• Directions for this task:
In the records below, find the line with "答:我校2018年招收本科层" and repeat exactly every line from it through the line with "The relaxed fit, contemporary". Pictures stay out.

• Records provided:
------
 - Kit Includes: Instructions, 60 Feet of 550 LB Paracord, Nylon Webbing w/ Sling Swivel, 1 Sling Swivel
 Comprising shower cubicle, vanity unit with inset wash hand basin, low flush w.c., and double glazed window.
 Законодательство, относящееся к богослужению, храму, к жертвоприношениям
------
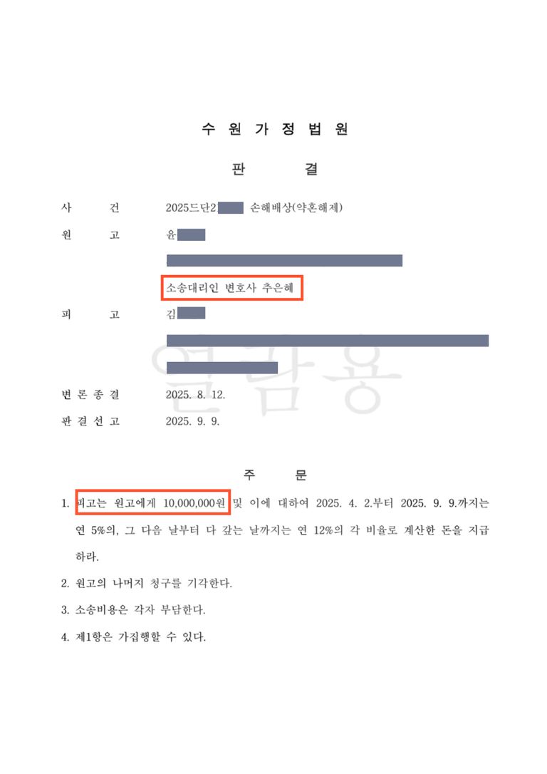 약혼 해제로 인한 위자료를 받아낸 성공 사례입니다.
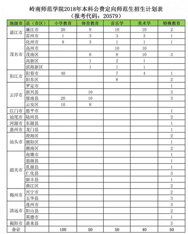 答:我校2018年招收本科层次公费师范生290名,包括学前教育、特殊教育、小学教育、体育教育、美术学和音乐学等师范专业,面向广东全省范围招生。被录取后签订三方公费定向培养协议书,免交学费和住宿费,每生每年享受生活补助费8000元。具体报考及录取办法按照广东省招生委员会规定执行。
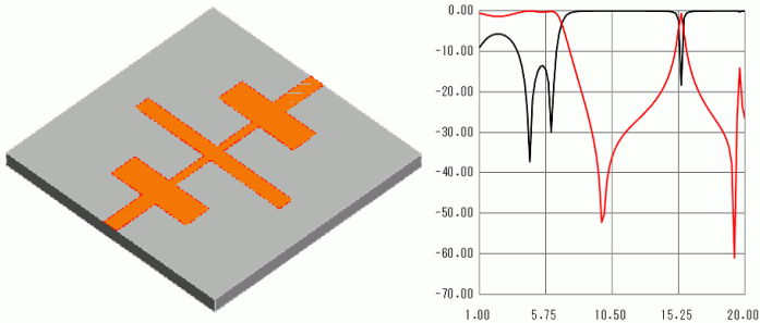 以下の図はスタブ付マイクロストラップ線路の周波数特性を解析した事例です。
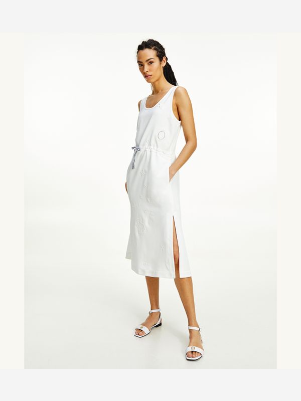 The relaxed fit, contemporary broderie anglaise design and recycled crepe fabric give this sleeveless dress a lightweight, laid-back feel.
------
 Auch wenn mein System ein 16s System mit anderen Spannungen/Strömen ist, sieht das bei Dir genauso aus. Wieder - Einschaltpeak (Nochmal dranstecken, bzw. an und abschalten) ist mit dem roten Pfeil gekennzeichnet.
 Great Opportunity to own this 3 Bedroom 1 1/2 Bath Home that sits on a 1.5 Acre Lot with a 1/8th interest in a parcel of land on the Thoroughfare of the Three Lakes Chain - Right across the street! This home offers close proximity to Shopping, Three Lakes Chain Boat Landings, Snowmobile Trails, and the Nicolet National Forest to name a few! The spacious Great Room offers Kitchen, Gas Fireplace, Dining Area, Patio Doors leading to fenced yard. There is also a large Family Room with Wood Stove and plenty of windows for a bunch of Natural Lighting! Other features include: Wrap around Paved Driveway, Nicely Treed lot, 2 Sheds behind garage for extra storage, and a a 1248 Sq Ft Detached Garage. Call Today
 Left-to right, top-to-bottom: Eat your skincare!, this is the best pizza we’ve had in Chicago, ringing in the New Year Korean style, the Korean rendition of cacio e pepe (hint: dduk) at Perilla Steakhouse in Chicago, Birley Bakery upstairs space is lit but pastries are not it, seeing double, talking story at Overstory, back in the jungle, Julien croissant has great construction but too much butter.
------
• Response:
 答:我校2018年招收本科层次公费师范生290名,包括学前教育、特殊教育、小学教育、体育教育、美术学和音乐学等师范专业,面向广东全省范围招生。被录取后签订三方公费定向培养协议书,免交学费和住宿费,每生每年享受生活补助费8000元。具体报考及录取办法按照广东省招生委员会规定执行。
 以下の図はスタブ付マイクロストラップ線路の周波数特性を解析した事例です。
 The relaxed fit, contemporary broderie anglaise design and recycled crepe fabric give this sleeveless dress a lightweight, laid-back feel.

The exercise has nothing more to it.